Extracted data
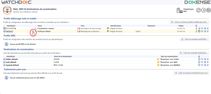 dans l'interface Web, WES & Destinations de numérisation, sélectionnez le profil de déblocage à configurer ;
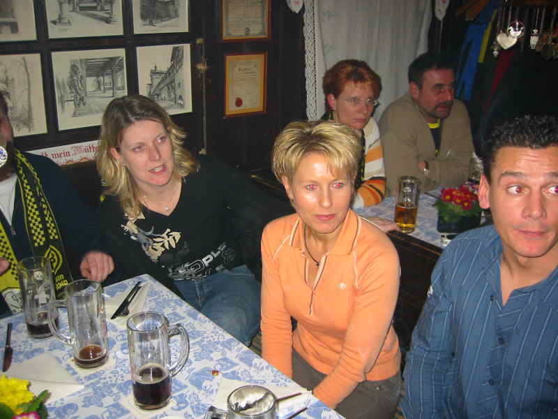 Mit Einbruch der Dunkelheit machte sich ein Großteil der Reisegruppe auf den Weg zur „Dürer-Stube“, romantisch gelegen im Schatten der Kaiserburg jenseits der Pegnitz. Die Atmosphäre war familiär, das Essen überwiegend wie gemalt und das „Dürer-Dunkel“ gut gekühlt und äußerst lecker. Dass gegen Ende der Vorstellung Rainer u.a. mit dem „Lochgefängnis“ wegen Zechprellerei gedroht wurde, konnte die Stimmung kaum beeinflussen, zumal sich am folgenden Tag die Prellerei als „leichter“ Rechenfehler, der schon mal passieren könne, entpuppte. Der Absacker bei ErnstL dauerte unterschiedlich lang, die Salsa-Fraktion legte sich ebenfalls erst später aufs Ohr. Glücklicherweise fanden Ranchid und Benita auch den Weg ins Hotel.
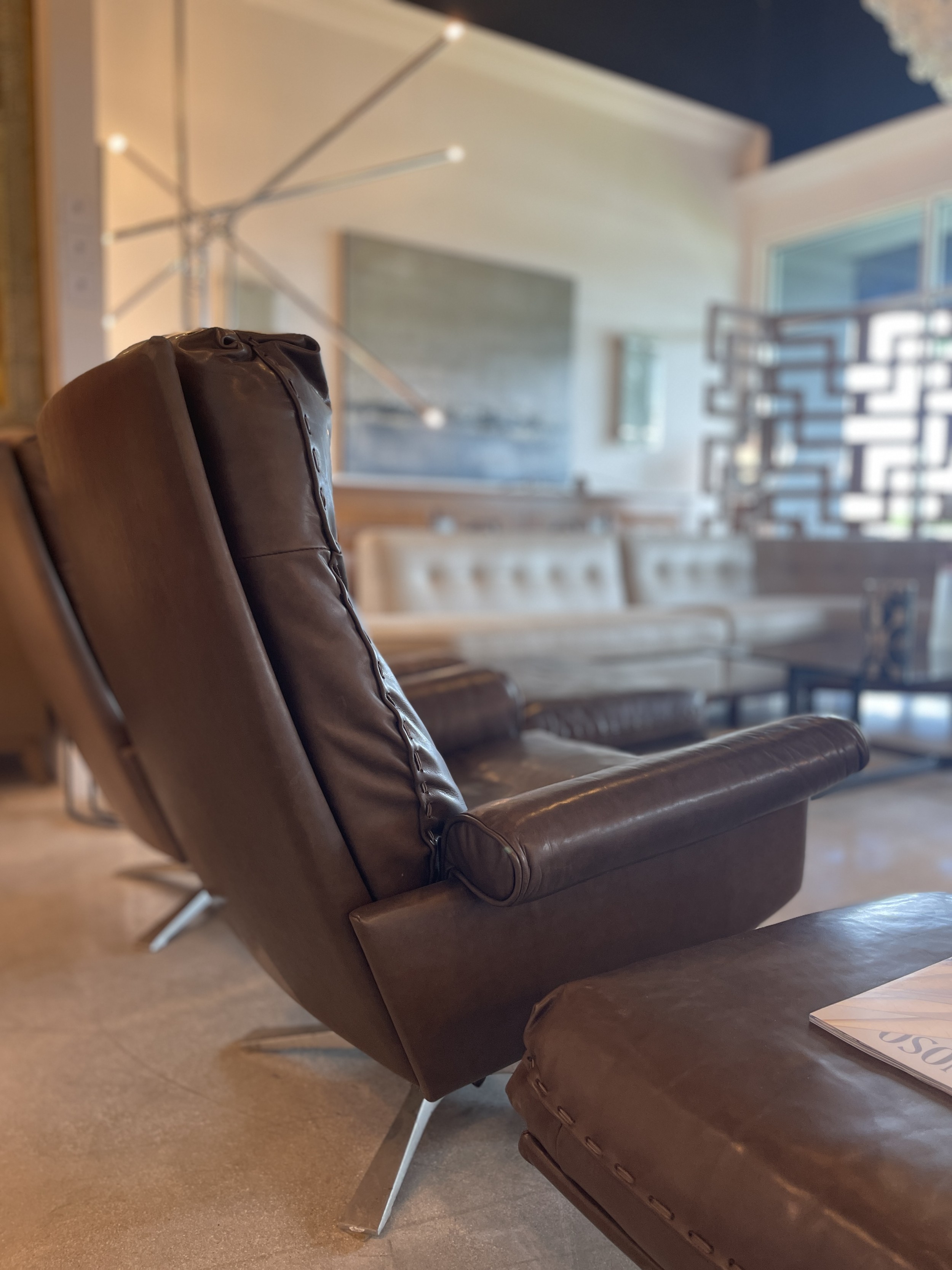 PAIR of Mid-Century (Swiss-1970s) black leather lounge / swivel armchairs and matching ottomans (24"x 24" x 17"h) resting on chrome metal bases (DE SEDE - model #S231) (PRICED AS PAIR).
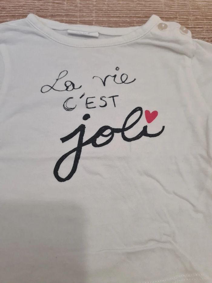 Tee shirt 3 mois "La vie c'est joli" Très bon état N'hésitez pas à jeter un œil au dressing 👉 fille de 1 à 6 mois 👉 garçon 1 mois à 5 ans 👉 vêtements de maternité #laviecestjoli #teeshirt #3mois #fille #coeur
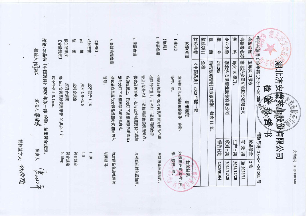 玉屏风口服液2412
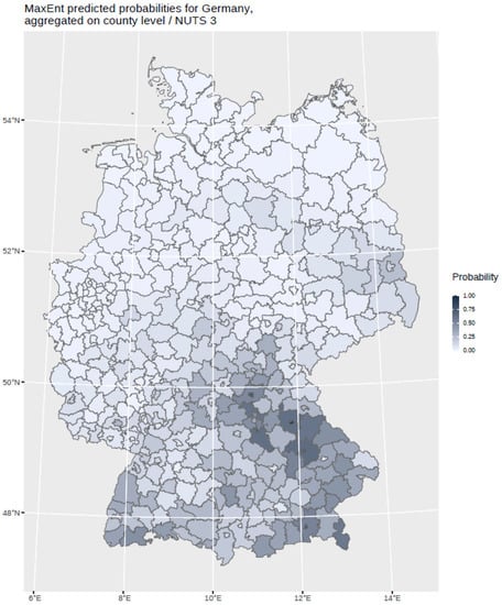 MaxEnt predicted probabilities for Germany aggregated on NUTS 3 level. The probability is displayed in different grey shades.
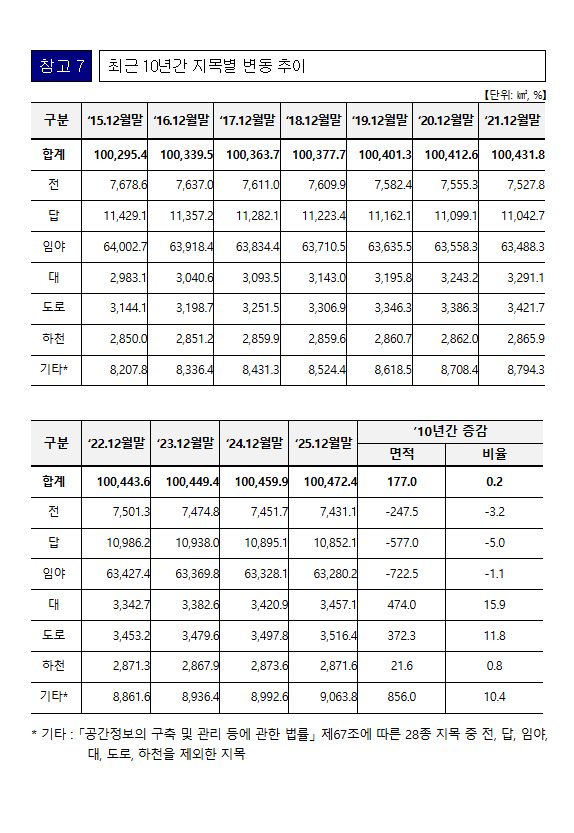 □ 산업화와 도시화로 인한 주거·산업용지와 기반시설 인프라 확충 등으로 산림·농지는 매년 감소하고 있으며, 지난 10년간 산림(722.5㎢)보다 농지(816.2㎢)가 더 많이 감소한 것으로 나타났다.
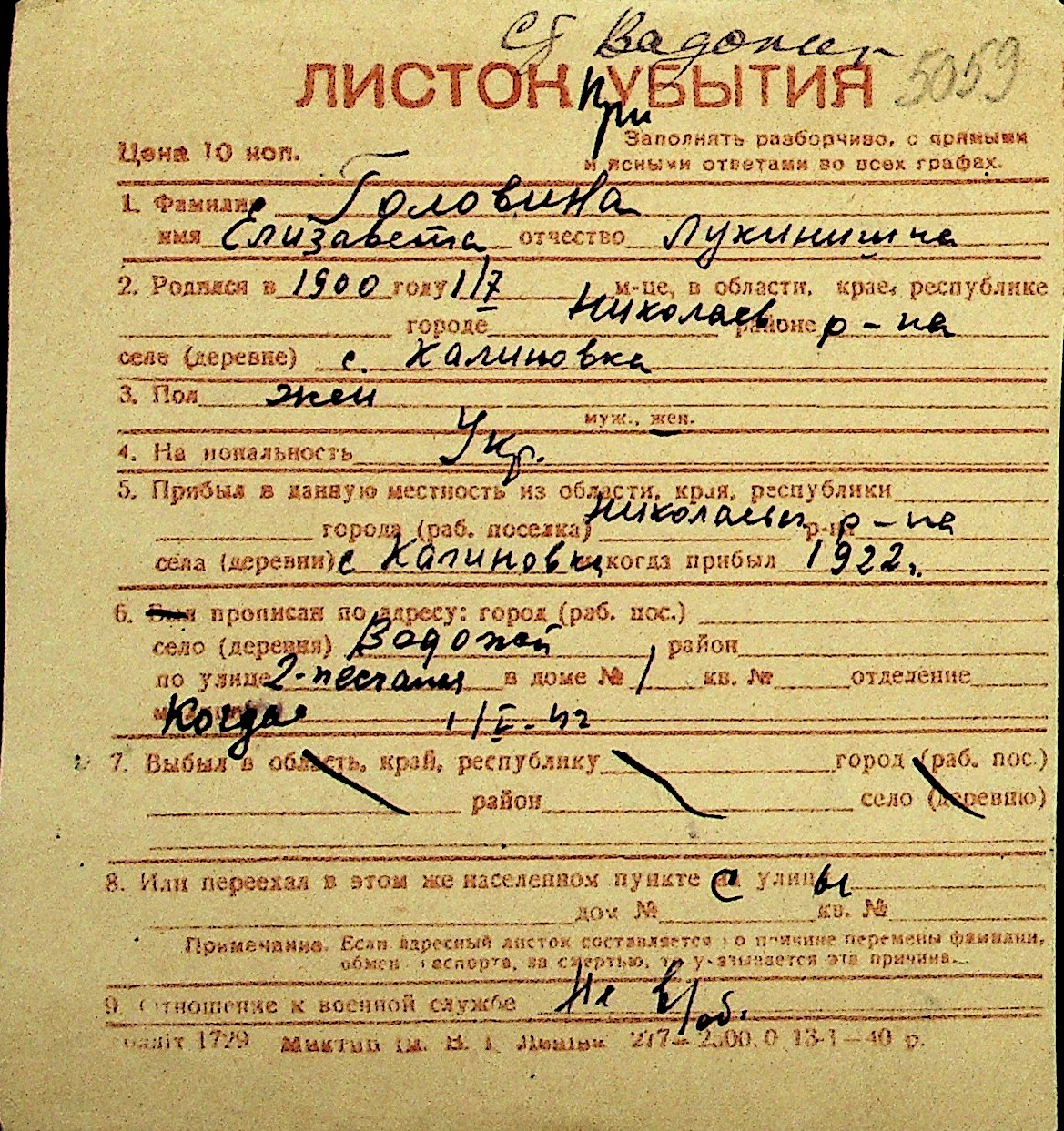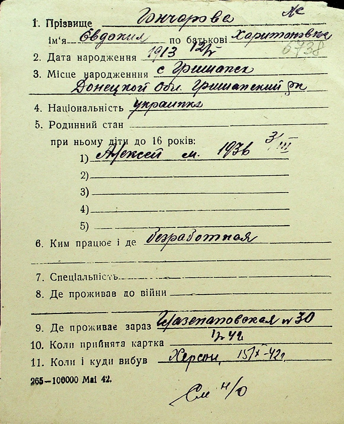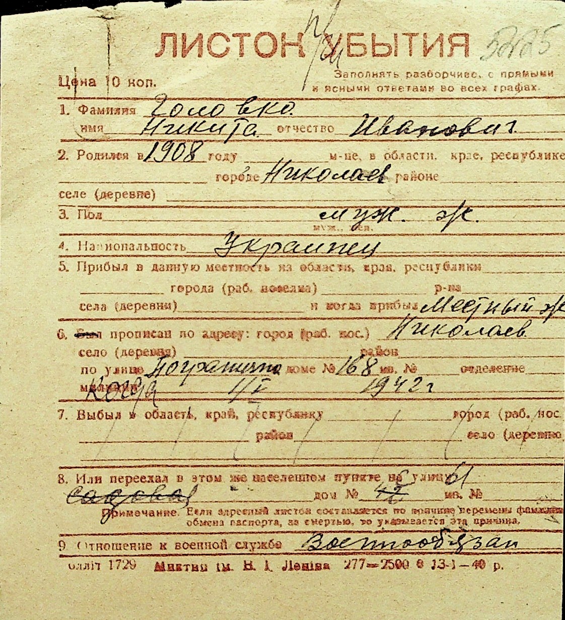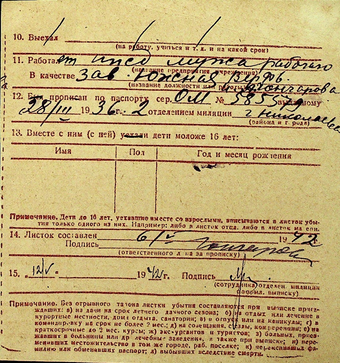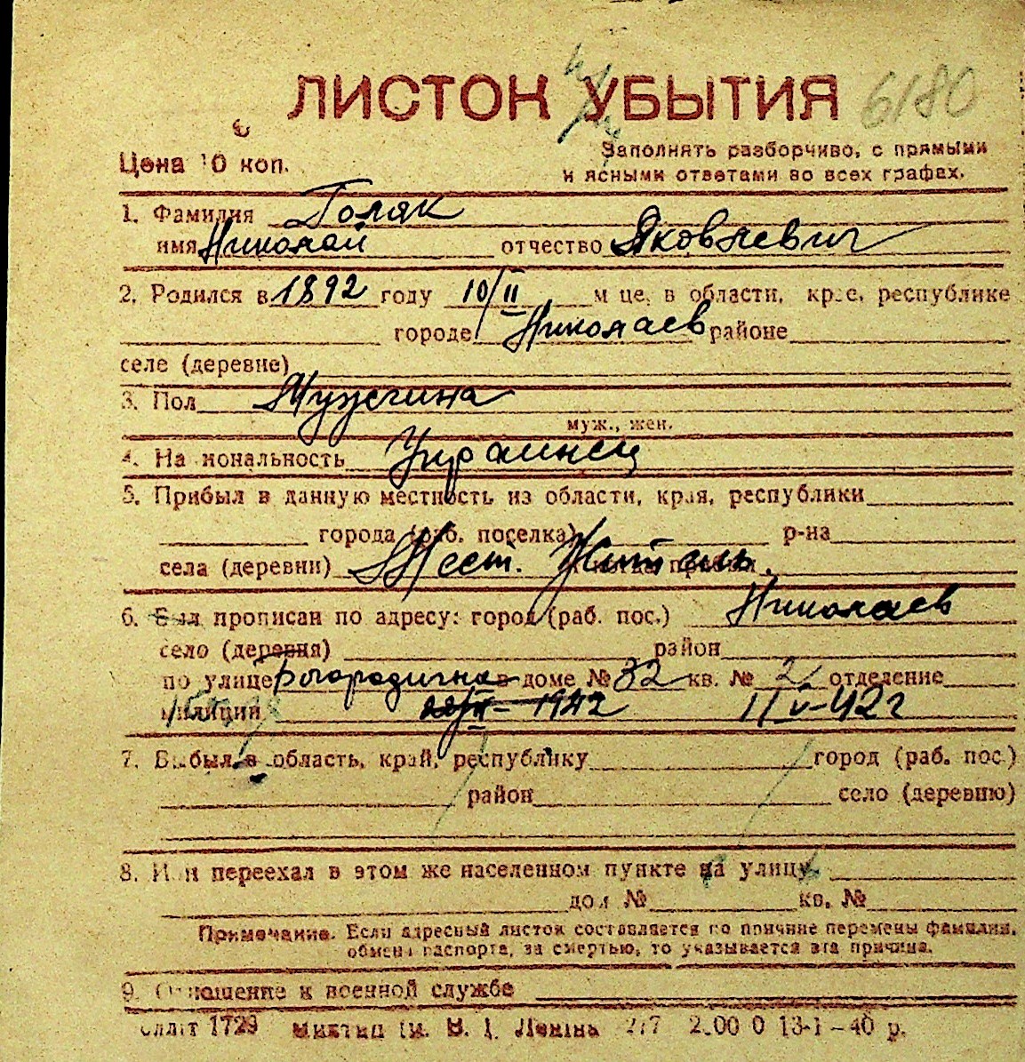 • • Перелік карток до фонду № Н-1016
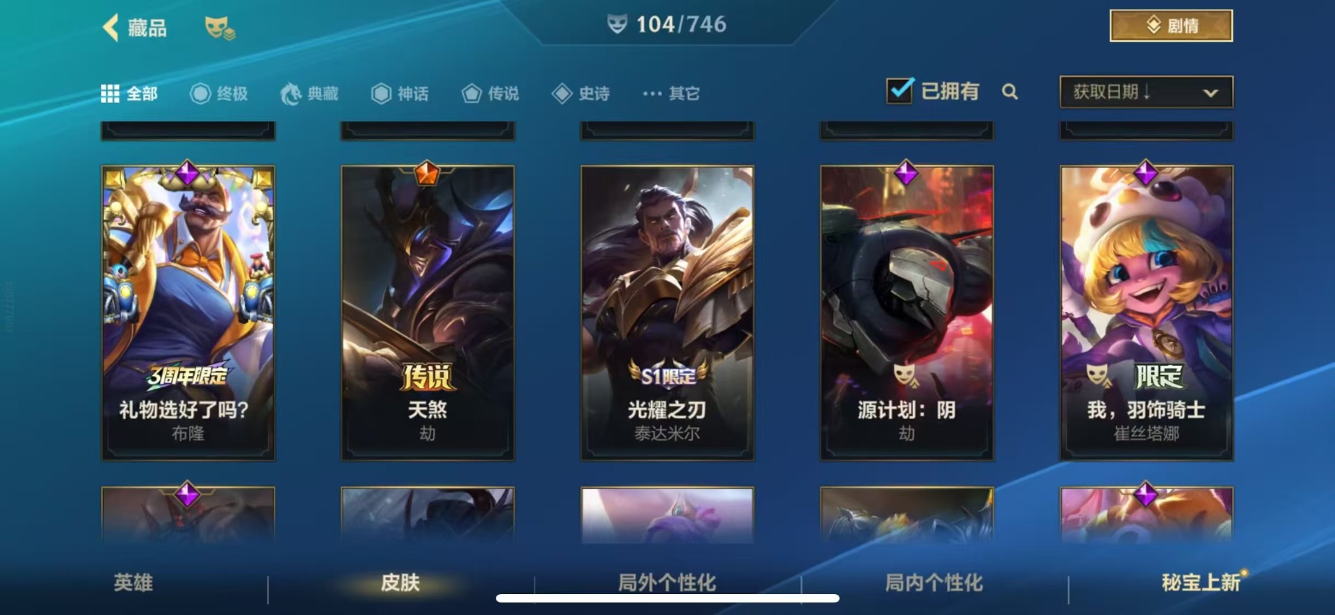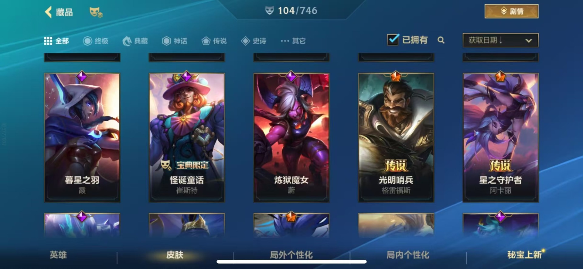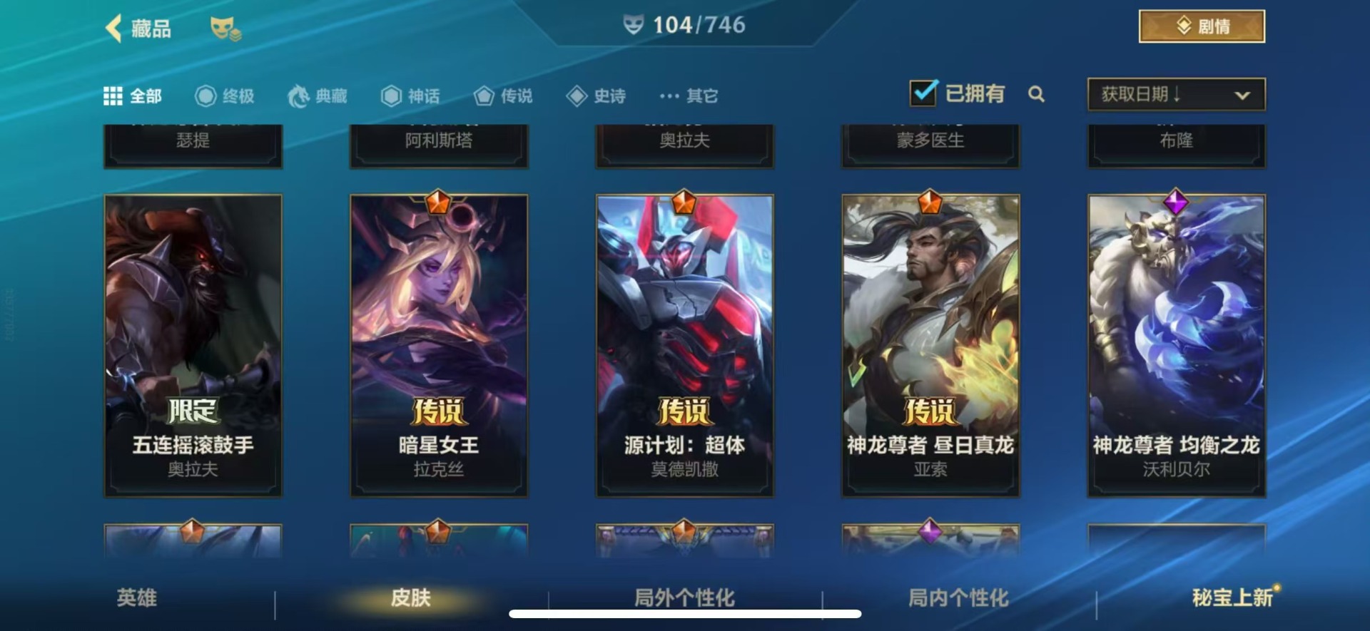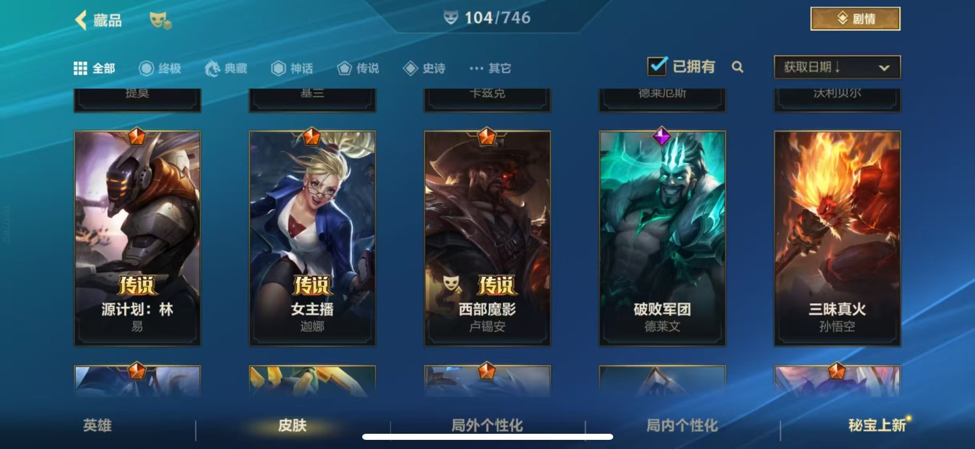 - [11528746]V8 11传说 124英雄 174皮肤 可修改实名 优质装备:末日机甲-孙尚香(绿蚂蚱),地狱火,零号·赤焰 传说皮:幻光神枪 珍宝阁皮:妄想食味 限定皮:鸣野蒿,至尊宝,白虎志(电光耗子),凤求凰(白切鸡),凤凰于飞,太华(伽罗年限),武陵仙君(小桃花),时之彼端,魔法小厨娘,梁祝,天狼狩猎者,李小龙,辉光之辰,一生所爱,大圣娶亲,天魔缭乱,青春决赛季 史诗皮:百相守梦-黄忠,紫霞仙子,电玩小子(小书包),白龙吟,黄金分割率,特工魅影,千年之狐,偶像歌手,龙骑士(小龙虾),节奏热浪,修罗,女仆咖啡,摇滚巨星,水果甜心,星夜王子,功夫厨神,暗隐猎兽者,幽灵船长,鬼剑武藏,心灵战警,舞动绿茵,纤云弄巧,繁星吟游(呼啦呼啦),缤纷独角兽,逐浪之夏,曙光守护者,圣诞狂欢,圣诞恋歌,鹰眼统帅,未来纪元-赵云

Task objective
Among the lines above, the one with "감소한 것으로 나타났다." opens the part to repeat and the one with "фонду № Н-1016" closes it; repeat only that part exactly, with no pictures.

Response to the task
 □ 산업화와 도시화로 인한 주거·산업용지와 기반시설 인프라 확충 등으로 산림·농지는 매년 감소하고 있으며, 지난 10년간 산림(722.5㎢)보다 농지(816.2㎢)가 더 많이 감소한 것으로 나타났다.
 • • Перелік карток до фонду № Н-1016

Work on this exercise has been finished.